» **PROMPT**:
Look below for the line containing "Authenticity Guarantee 3" and the line containing "Acqua, Miele Millefiori, Eleuterococco", then set down both and every line between them exactly, without pictures.
====== RECORDS FOR PROCESSING
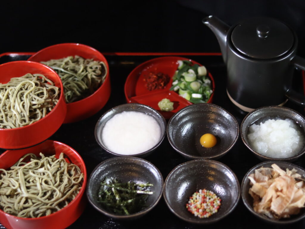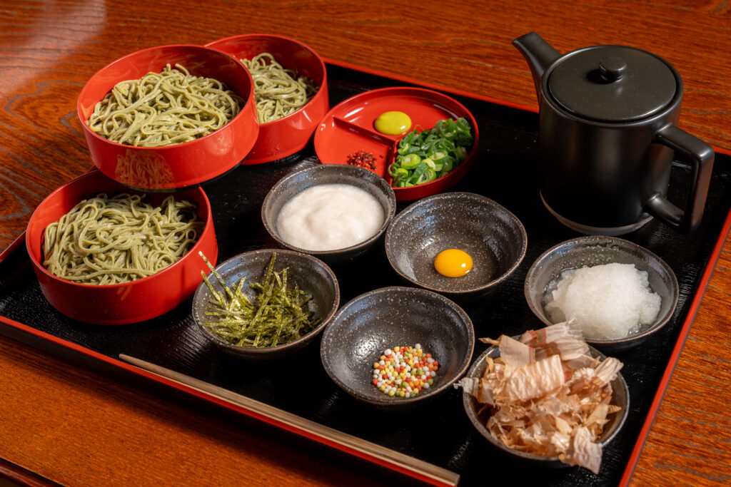 三段のお重に盛り付けた茶蕎麦を、多彩な薬味と共にゆっくりお楽しみいただけます。
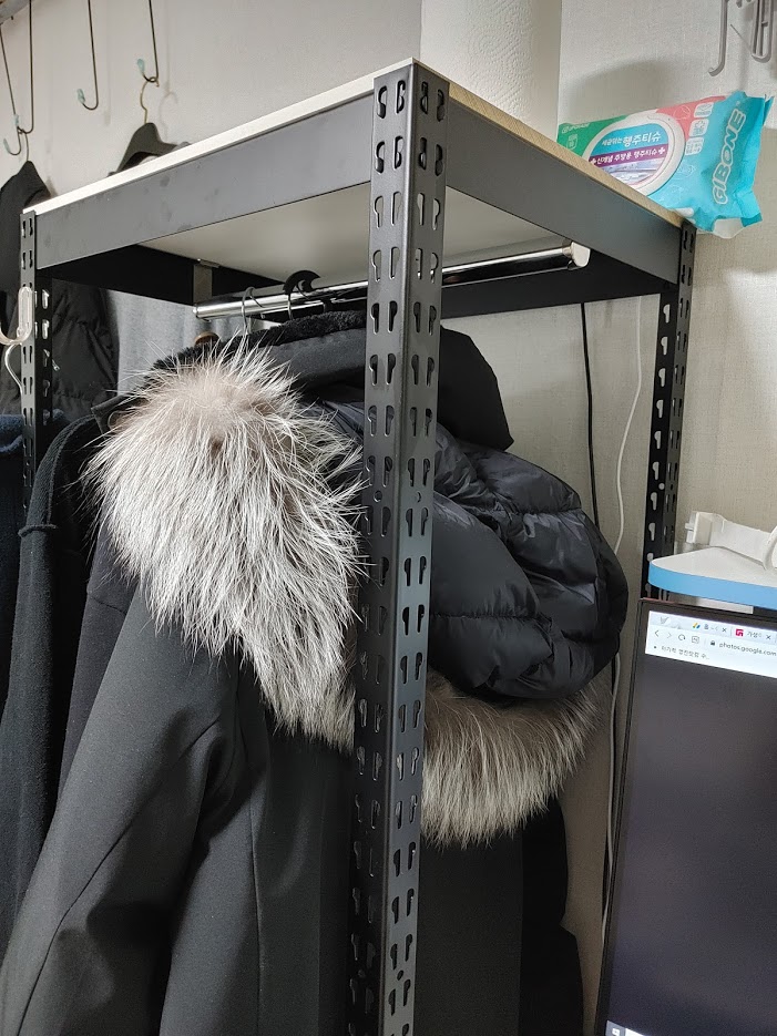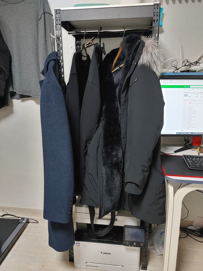 옷장이 있긴 하지만 ㅋㅋ 철재 행거에 걸어두는 게 겨울철에는 확실히 편합니다.
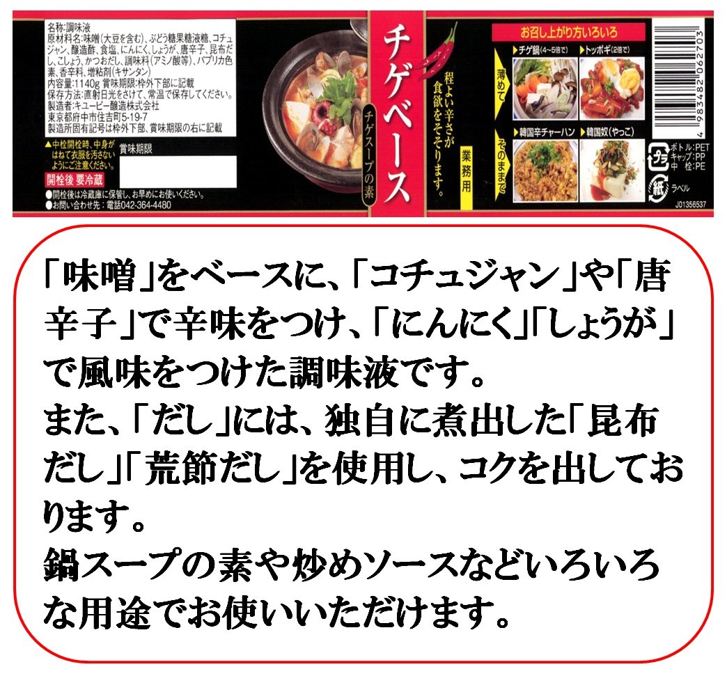 お客様の多様なニーズにお応えして、開発された“業務用チゲベース"は、使い勝手がよく、業務用で人気の商品です。実際に居酒屋や、焼肉屋さん等でも多く使われています。「味噌」をベースに、「コチュジャン」や「唐辛子」で辛味をつけ、「にんにく」「しょうが」で風味をつけました。「だし」には、独自に煮出した「昆布だし」「荒節だし」を使用し、コクを出しております。ただ辛いだけではない、旨味とコクを感じるチゲベースです。製造元は、キユーピー株式会社のグループ会社「キユーピー醸造株式会社」。キユーピーマヨネーズのお酢を製造している会社です。このチゲベースは、店頭ではほとんど販売されていない、業務用商品です。チゲ鍋スープの素や、炒めソース、漬け込みソースなど、いろいろな用途でお使いいただけます。【炒飯・冷奴】そのまま原液で、1人分大さじ1杯分くらいを目安に使用してください。【チゲ鍋】4-5倍で希釈するため本品1本(内容量1140g)で8~9食分のチゲなべが完成します。※700gで3-4人前分だとした場合※お好みに応じて加減してください。本格的なプロの味を、簡単にご家庭でお楽しみください!
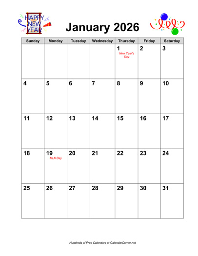 Calendar Description: 2026 calendar in portrait orientation. Includes major holidays shown in red. This calendar contains all 12 months, January through December. The calendar includes graphics themed for each month.
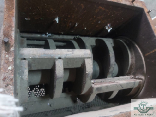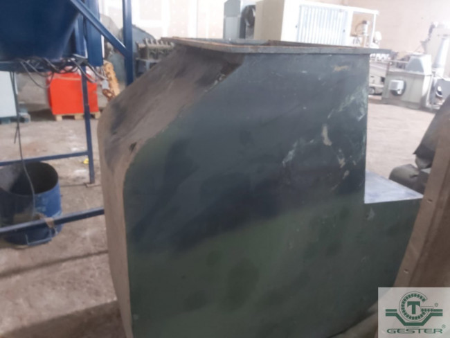 Manque: panneau électrique, moteur, poulie, courroies, trémie pour sortie de matière, lames.
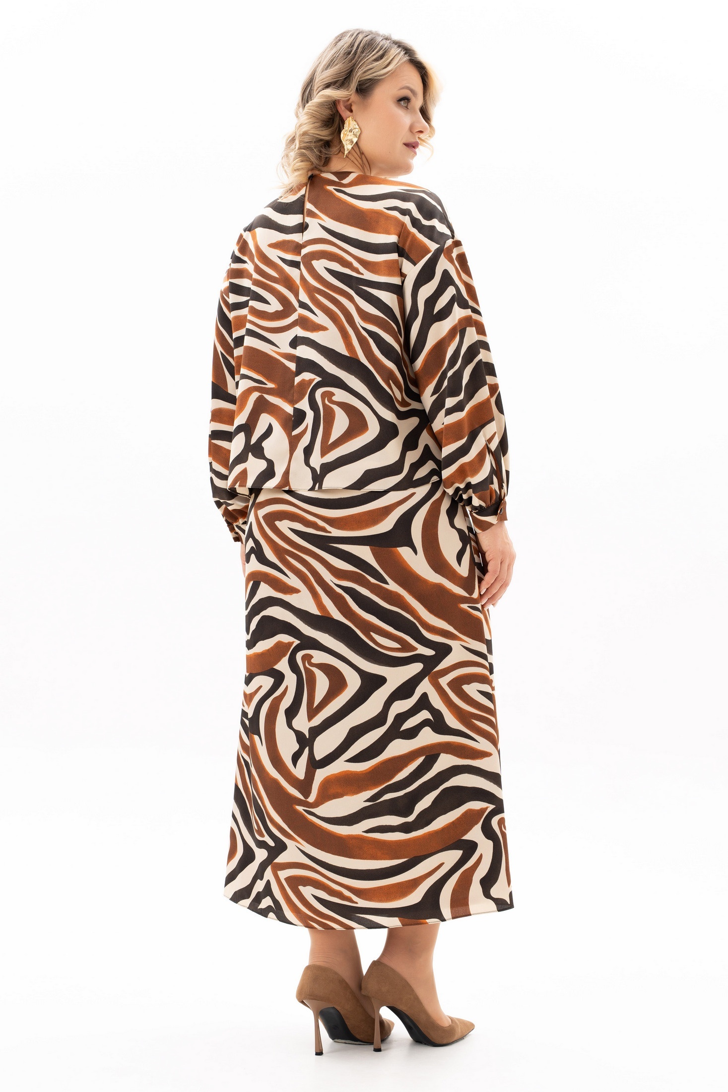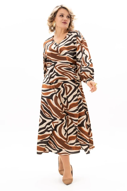 Платье 4129 Algranda (Новелла Шарм) — это модное решение для современных женщин. Коллекция бренда Новелла Шарм предлагает платье из нежного полиэстера с добавлением эластана, что делает его комфортным и практичным в носке. Фасон с А-силуэтом и свободным лифом обеспечивает идеальную посадку, а спущенные рукава с декоративными разрезами добавляют стиль. Длина изделия составляет 132 см, Ддина рукава 61 см. Универсальный выбор для офиса, ресторана или театра, особенно в осеннее или весеннее время. Платье выполнено в сочетании коричневых и бежевых оттенков, что создает гармоничный и заметный образ.
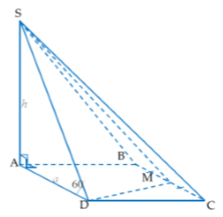 Cho hình chóp S.ABCD có đáy ABCD là hình vuông cạnh a và SA vuông góc đáy ABCD và mặt bên (SCD) hợp với đáy một góc \({60^0},\) M là trung điểm của BC. Tính thể tích hình chóp S.ABMD.
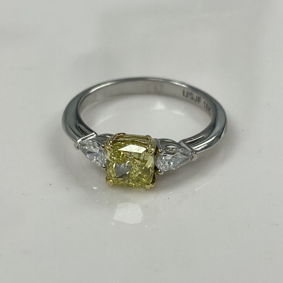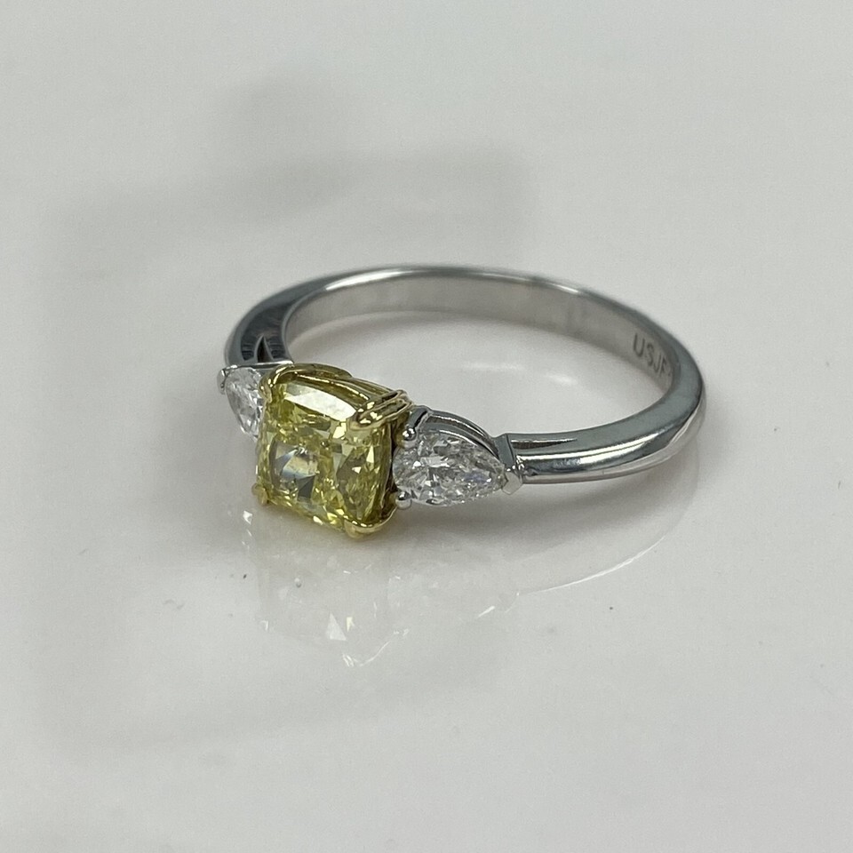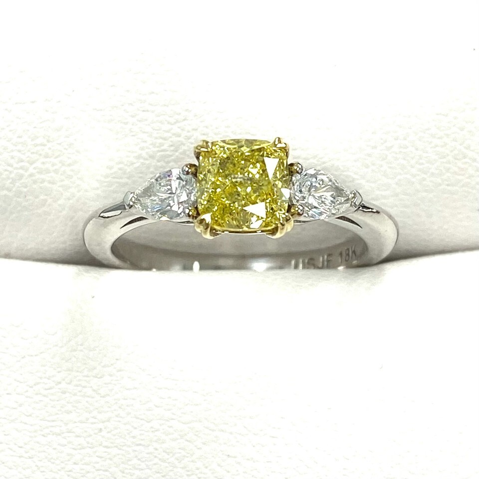 Authenticity Guarantee 3 Stone GIA 1.41 TCW Fancy Intense Yellow Diamond Eng...
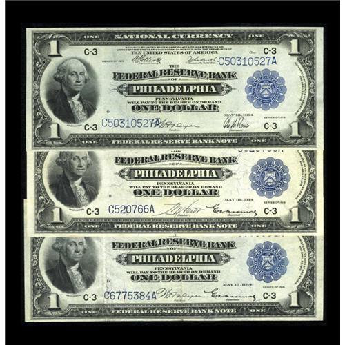 <B>Fr. 714, Fr. 715, Fr. 717 $1 1918 Federal Reserve Bank Notes Three examples.</B></I> This trio grades <B>VF-XF</B></I> with bright colors and solid margins.<BR><BR><b>Shipping:</b> Coin/Currency (<a target="_blank" href="http://www.heritageauctions.com/common/shipping.php">view shipping information</a>)
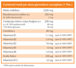 Acqua, Miele Millefiori, Eleuterococco (Eleutherococcus senticosus (Rupr. Et Maxim.) Maxim) radice e.s. tit. 0,8% eleuterosidi, Cordyceps (Cordyceps sinensis (Berk.) Sacc.) intero corpo fungino e.s. tit. 30% polisaccaridi tit. 15% betaglucano, Carnitina-L, Acidificante: Acido lattico, Conservante: Sodio benzoato, Vitamina B3 (Niacina), Aroma, Addensante: Gomma di Xantano, Vitamina B5 (Ca D- pantotenato), Vitamina B6 (Piridossina Cloridrato), Vitamina B2 (Riboflavina), Vitamina B1 (Tiamina Cloridrato), Vitamina B9 (Acido folico), Vitamina B12 (Cianocobalamina). No glutine
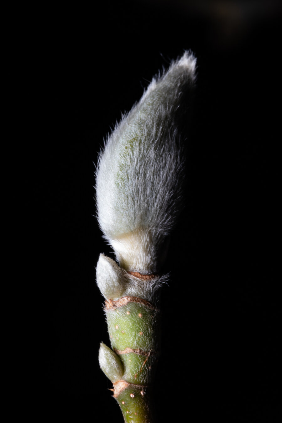 A photo of the end of a budding branch. Gray fuzzy pod, that I think is pussy Willow, but I’m probably wrong. There is a green stem and two tiny gray pods growing below the main pod. Dramatic flash lighting so one side fades to black.
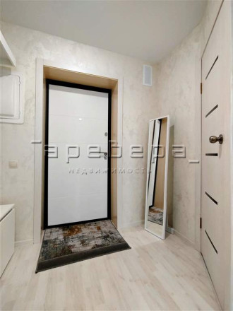Интерьер квартиры выполнен в спокойных светлых тонах: ламинат, обои, мебель, большое напольное зеркало, двери, кафель в санузле, натяжной потолок с точечными светильниками, небольшие детали декора. Все выглядит гармонично и создает атмосферу уюта.
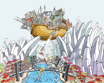 Şehre doğduğum, çocukluğumun, gençliğimin geçtiği yerin karşı yakasından bakıyorum. Yani şu anlarda Asya yakasında Kuzguncuk’tayım. Bu ne zulümdür anlatamam. Boğaz’a bakıyorsun, gökdelenler yükseliyor. Biçimsiz, anlamsız! Bir de ev sahipleri o anlamsız görüntülere “manzara” diyor ve acayip kiralar ödüyor.
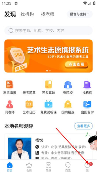 1、打開(kāi)藝考生,點(diǎn)擊底部導(dǎo)航欄的我選項(xiàng)。
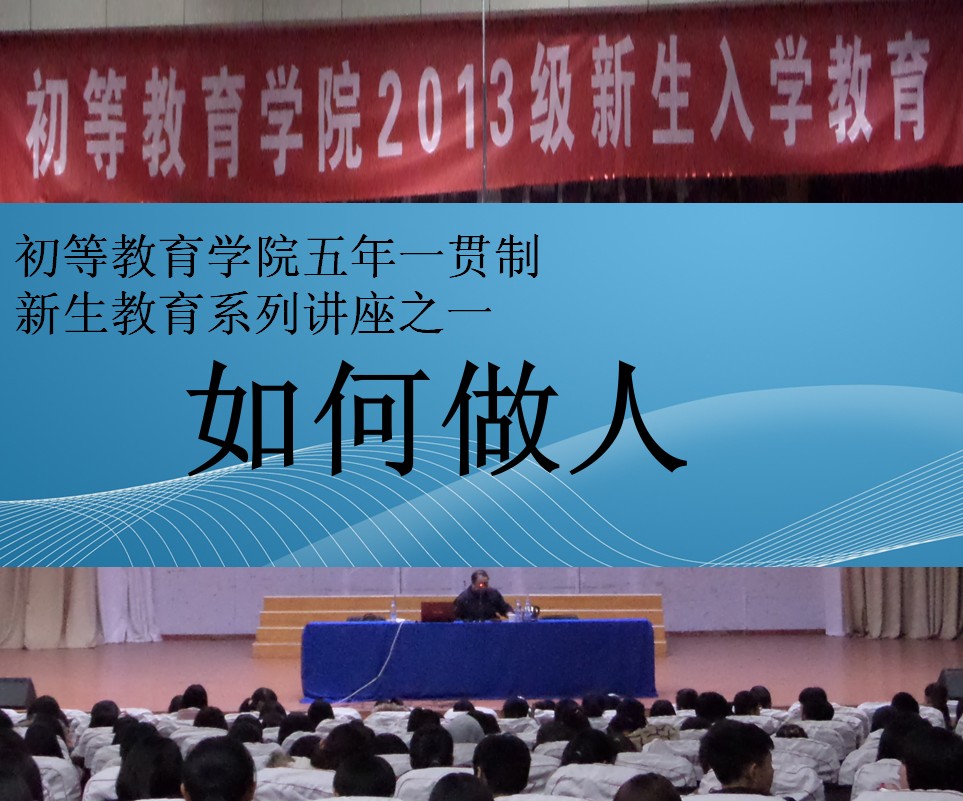 11月11日晚,初等教育学院五年一贯制大专教学部针对2013级新生,在七号报告厅启动了“新生教育系列讲座”的序幕,这次讲座是系列讲座的第一个,由初等教育学院原党总支书记王庚寅老师主讲《如何做人》。
============
» **RESULT**:
 Authenticity Guarantee 3 Stone GIA 1.41 TCW Fancy Intense Yellow Diamond Eng...
 <B>Fr. 714, Fr. 715, Fr. 717 $1 1918 Federal Reserve Bank Notes Three examples.</B></I> This trio grades <B>VF-XF</B></I> with bright colors and solid margins.<BR><BR><b>Shipping:</b> Coin/Currency (<a target="_blank" href="http://www.heritageauctions.com/common/shipping.php">view shipping information</a>)
 Acqua, Miele Millefiori, Eleuterococco (Eleutherococcus senticosus (Rupr. Et Maxim.) Maxim) radice e.s. tit. 0,8% eleuterosidi, Cordyceps (Cordyceps sinensis (Berk.) Sacc.) intero corpo fungino e.s. tit. 30% polisaccaridi tit. 15% betaglucano, Carnitina-L, Acidificante: Acido lattico, Conservante: Sodio benzoato, Vitamina B3 (Niacina), Aroma, Addensante: Gomma di Xantano, Vitamina B5 (Ca D- pantotenato), Vitamina B6 (Piridossina Cloridrato), Vitamina B2 (Riboflavina), Vitamina B1 (Tiamina Cloridrato), Vitamina B9 (Acido folico), Vitamina B12 (Cianocobalamina). No glutine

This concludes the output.